CBOR-native Rust types for the CoRIM / CoMID CDDL schema, a builder API,
validation/appraisal logic, and signed CoRIM (COSE_Sign1) support for
Remote Attestation (RATS) Endorsements and Reference Values.
## Features
- **Full CDDL coverage** — `corim-map`, CoMID, CoTL, all 9 triple types,
`measurement-values-map` with all fields
- **Signed CoRIM (`#6.18`)** — decode, validate, construct (attached + detached);
no crypto dependency
- **Zero-dependency CBOR** — built-in encoder/decoder, deterministic per RFC 8949 §4.2.1
- **`no_std` support** — `#![no_std]` + `alloc`; `std` feature (default) adds
`SystemTime`-based validation
- **Builder API** — `ComidBuilder`, `CotlBuilder`, `CorimBuilder`, `SignedCorimBuilder`.
Opt-in environment catalog (`declare_env` / `EnvRef` / `add_*_for`) lets one
`EnvironmentMap` be shared across triples without duplication, and
`strict_links` adds a cross-triple env-anchoring lint.
- **Validation & Appraisal** — reference value matching (§9.3), conditional
endorsement series (§9.3.4)
- **Profile framework** — [`Profile`] trait, [`ProfileRegistry`], and a
[`MatchContext`] for time-aware comparators let downstream crates plug in
CoRIM profiles that define their own tags or `measurement-values-map`
extras.
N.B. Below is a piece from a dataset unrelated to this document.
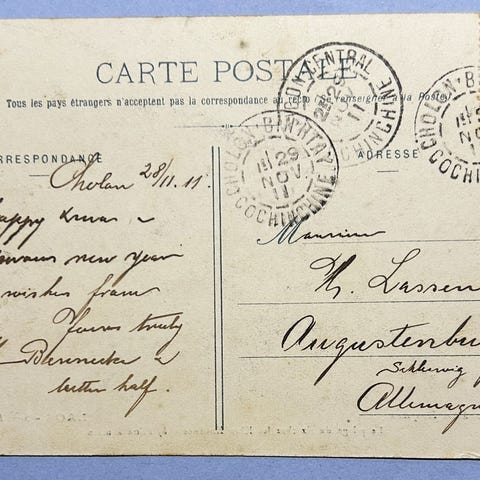 de 98 postkort om Indokina, med få frimærker og få skrevne beskeder
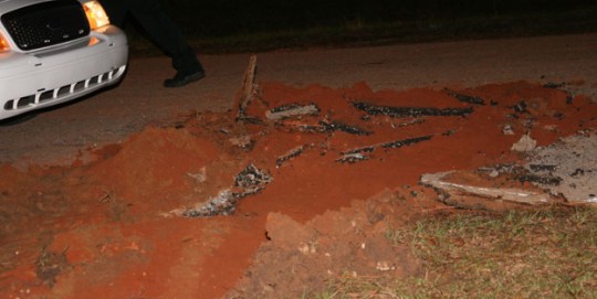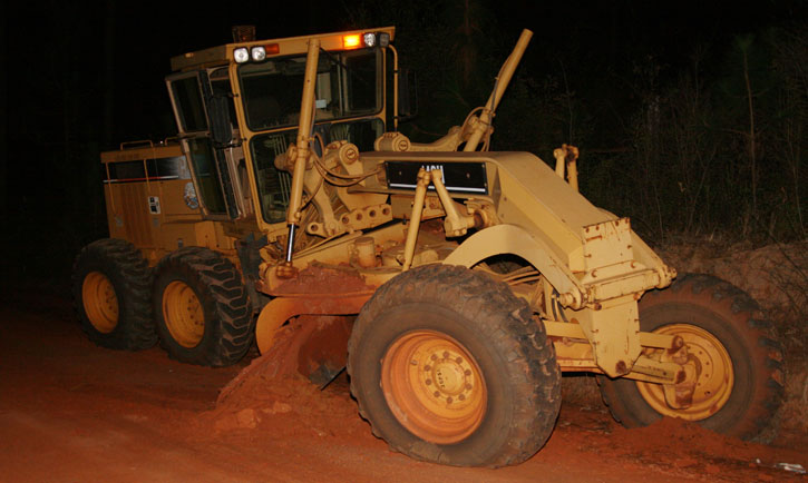 Pictured top and below: A stolen Escambia County road grader became stuck on Pineville Road Saturday night. Picture inset: A section of Arthur Brown Road was destroyed by the blade on the road grader. NorthEscambia.com photos, click to enlarge.

The first-party Intel profile ships under the `profile-intel`
feature flag.
- **CoSWID** — structured types per RFC 9393 with co-constraint validation
- **Optional JSON** — `json` feature gate for `Value ↔ serde_json::Value` conversion
- **TCG / NVIDIA decode interop** — accepts the legacy `#6.500` / `#6.502`
outer wrappers, bare `corim-map` payloads, and TCG-style `#6.506(map)`
CoMID nesting seen in real-world signed CoRIMs (notably NVIDIA NIC
firmware). Decode-only; encoders always emit draft-10 wire format.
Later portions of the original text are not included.